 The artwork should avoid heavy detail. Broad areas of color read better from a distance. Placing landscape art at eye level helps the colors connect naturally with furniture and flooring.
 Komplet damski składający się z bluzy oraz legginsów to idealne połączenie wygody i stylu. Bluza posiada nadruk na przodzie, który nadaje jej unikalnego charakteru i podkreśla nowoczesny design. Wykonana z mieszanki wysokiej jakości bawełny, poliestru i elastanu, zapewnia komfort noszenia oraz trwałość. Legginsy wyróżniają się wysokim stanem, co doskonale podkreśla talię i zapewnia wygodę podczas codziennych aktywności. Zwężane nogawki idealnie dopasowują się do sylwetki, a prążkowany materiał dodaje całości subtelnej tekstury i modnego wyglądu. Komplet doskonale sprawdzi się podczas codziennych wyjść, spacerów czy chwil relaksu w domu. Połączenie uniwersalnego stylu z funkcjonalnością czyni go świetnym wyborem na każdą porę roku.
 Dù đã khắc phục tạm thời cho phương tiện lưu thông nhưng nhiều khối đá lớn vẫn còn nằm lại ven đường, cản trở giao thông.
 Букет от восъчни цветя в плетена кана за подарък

* * *

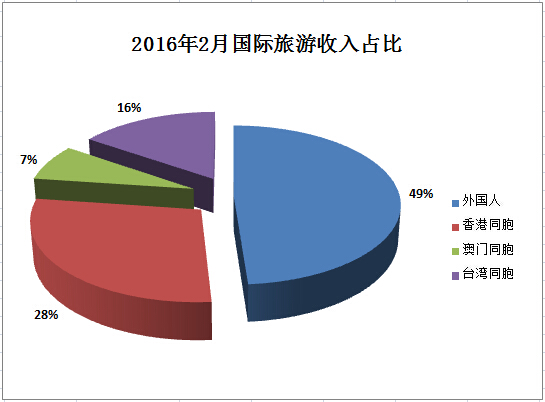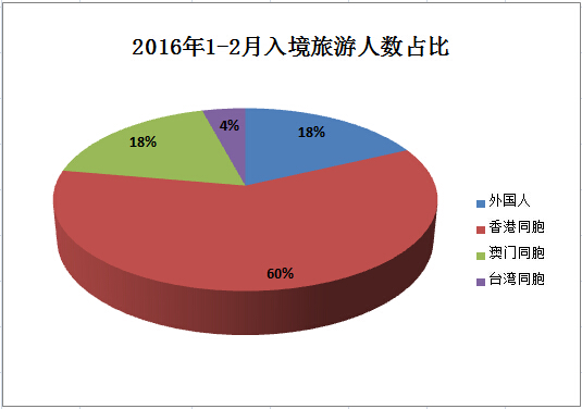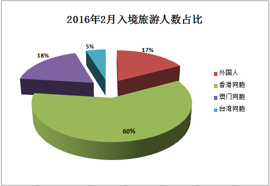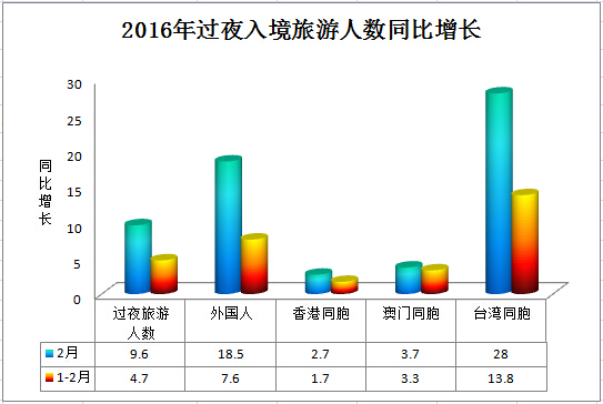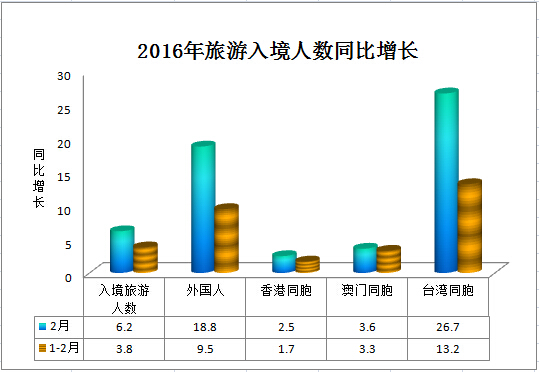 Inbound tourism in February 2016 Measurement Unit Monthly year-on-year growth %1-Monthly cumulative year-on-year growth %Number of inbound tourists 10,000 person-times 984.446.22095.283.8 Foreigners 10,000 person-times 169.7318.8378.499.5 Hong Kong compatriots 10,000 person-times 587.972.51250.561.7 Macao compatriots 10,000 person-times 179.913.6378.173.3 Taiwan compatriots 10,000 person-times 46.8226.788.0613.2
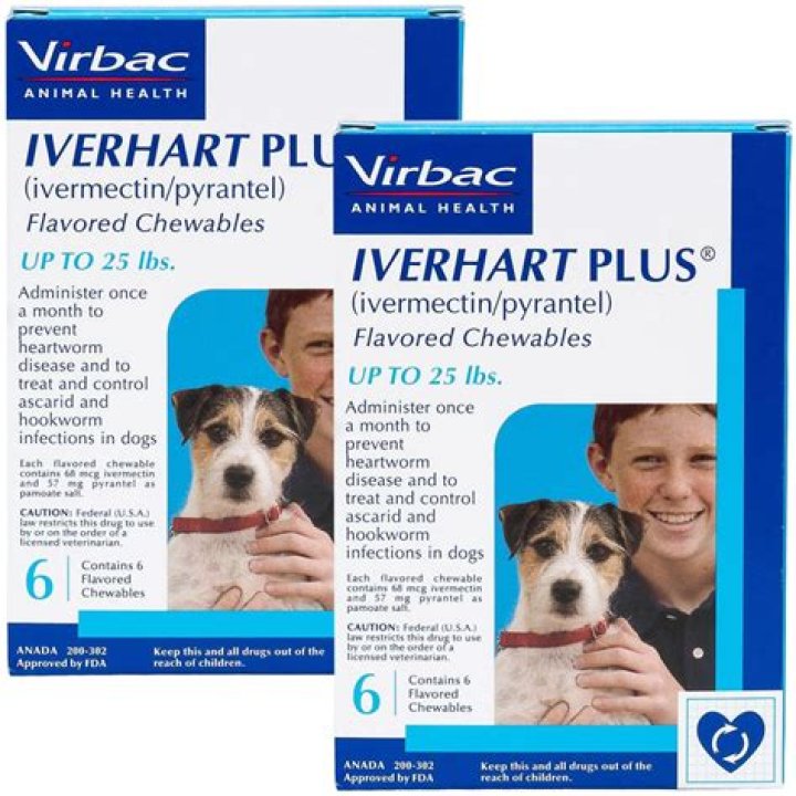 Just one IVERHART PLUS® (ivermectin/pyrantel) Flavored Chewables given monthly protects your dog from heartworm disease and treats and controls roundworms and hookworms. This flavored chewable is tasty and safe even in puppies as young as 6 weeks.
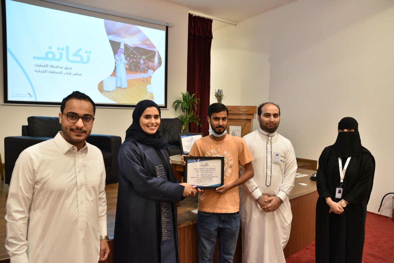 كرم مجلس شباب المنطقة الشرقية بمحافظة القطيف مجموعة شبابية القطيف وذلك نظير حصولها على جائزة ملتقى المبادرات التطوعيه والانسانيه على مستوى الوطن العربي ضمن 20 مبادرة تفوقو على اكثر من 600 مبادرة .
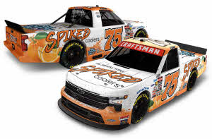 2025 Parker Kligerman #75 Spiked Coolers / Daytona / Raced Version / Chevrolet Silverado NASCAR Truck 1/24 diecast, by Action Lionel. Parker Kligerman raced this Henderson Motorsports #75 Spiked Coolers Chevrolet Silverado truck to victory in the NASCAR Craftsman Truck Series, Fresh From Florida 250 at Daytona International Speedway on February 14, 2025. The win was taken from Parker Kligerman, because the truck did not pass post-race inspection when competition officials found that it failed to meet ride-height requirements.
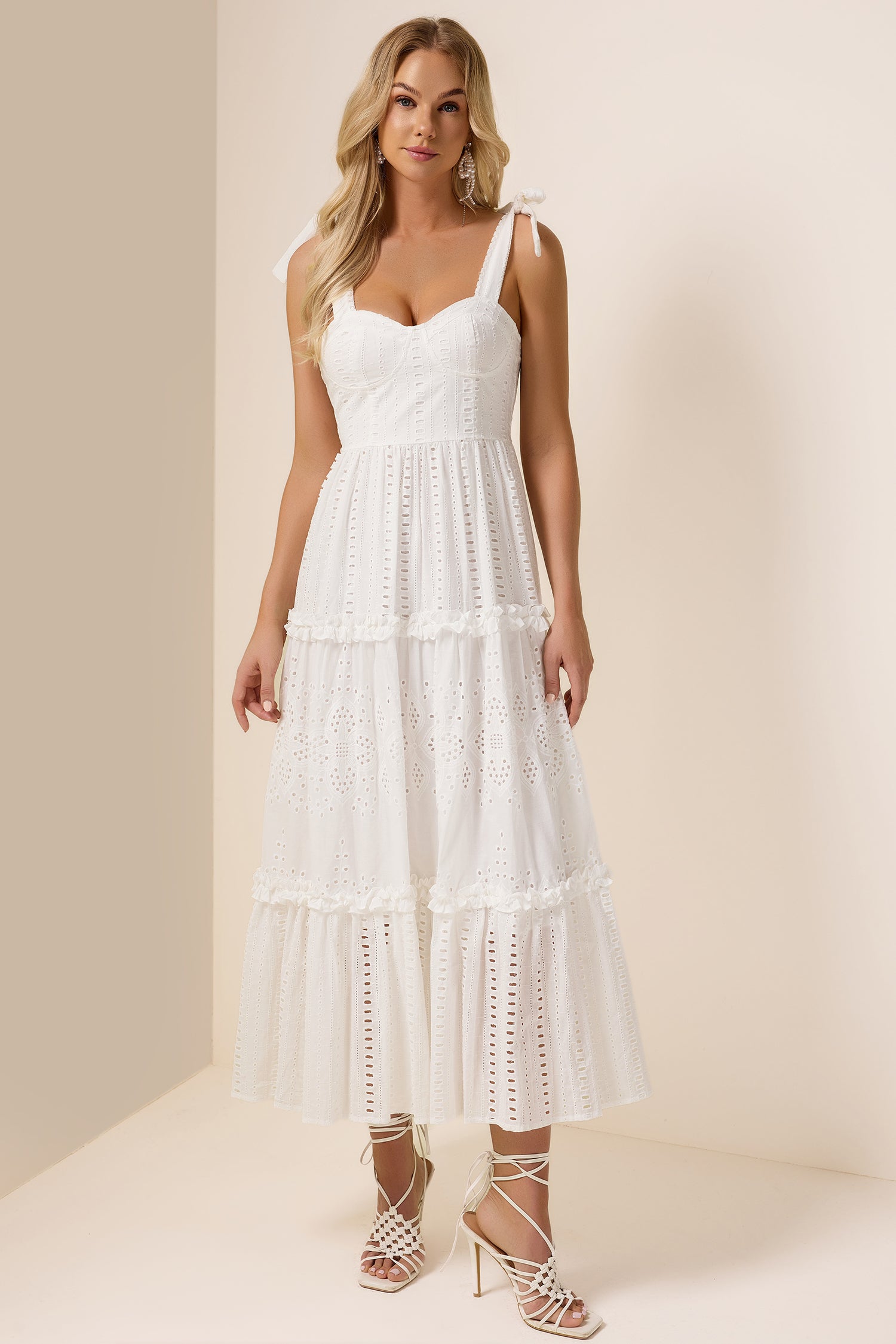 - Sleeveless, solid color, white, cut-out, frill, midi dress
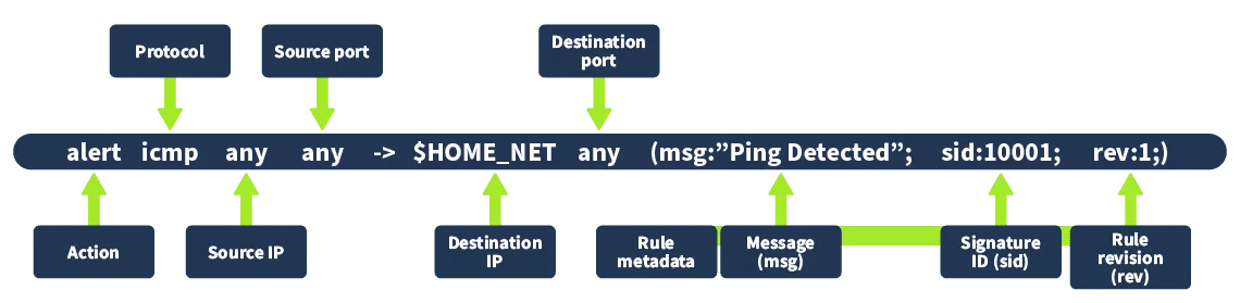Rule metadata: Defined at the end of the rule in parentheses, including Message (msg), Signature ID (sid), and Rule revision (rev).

--

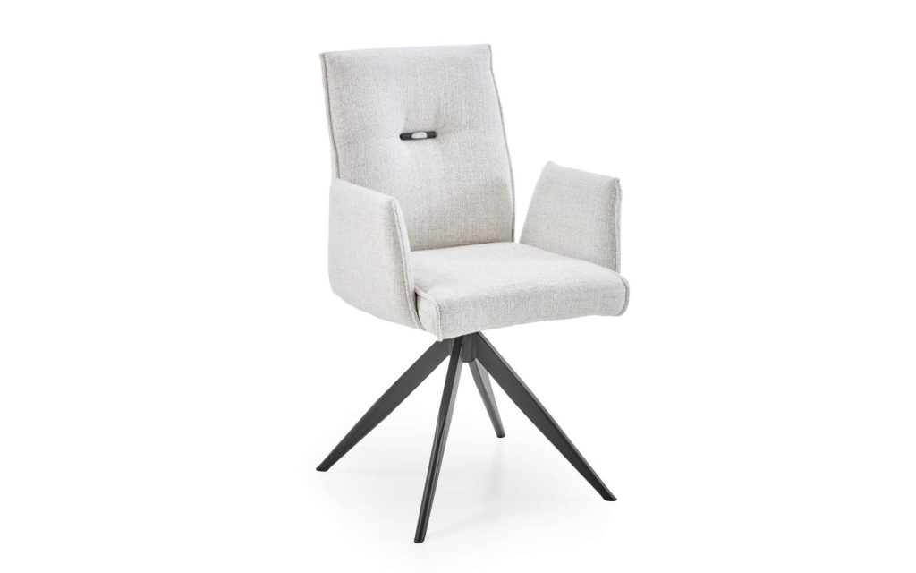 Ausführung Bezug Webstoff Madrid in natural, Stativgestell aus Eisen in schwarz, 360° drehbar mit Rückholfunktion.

What to produce: Nothing but the lines above from the one containing "The artwork should" through the one containing "Букет от восъчни" should appear in the answer, each repeated exactly.

Answer area:
 The artwork should avoid heavy detail. Broad areas of color read better from a distance. Placing landscape art at eye level helps the colors connect naturally with furniture and flooring.
 Komplet damski składający się z bluzy oraz legginsów to idealne połączenie wygody i stylu. Bluza posiada nadruk na przodzie, który nadaje jej unikalnego charakteru i podkreśla nowoczesny design. Wykonana z mieszanki wysokiej jakości bawełny, poliestru i elastanu, zapewnia komfort noszenia oraz trwałość. Legginsy wyróżniają się wysokim stanem, co doskonale podkreśla talię i zapewnia wygodę podczas codziennych aktywności. Zwężane nogawki idealnie dopasowują się do sylwetki, a prążkowany materiał dodaje całości subtelnej tekstury i modnego wyglądu. Komplet doskonale sprawdzi się podczas codziennych wyjść, spacerów czy chwil relaksu w domu. Połączenie uniwersalnego stylu z funkcjonalnością czyni go świetnym wyborem na każdą porę roku.
 Dù đã khắc phục tạm thời cho phương tiện lưu thông nhưng nhiều khối đá lớn vẫn còn nằm lại ven đường, cản trở giao thông.
 Букет от восъчни цветя в плетена кана за подарък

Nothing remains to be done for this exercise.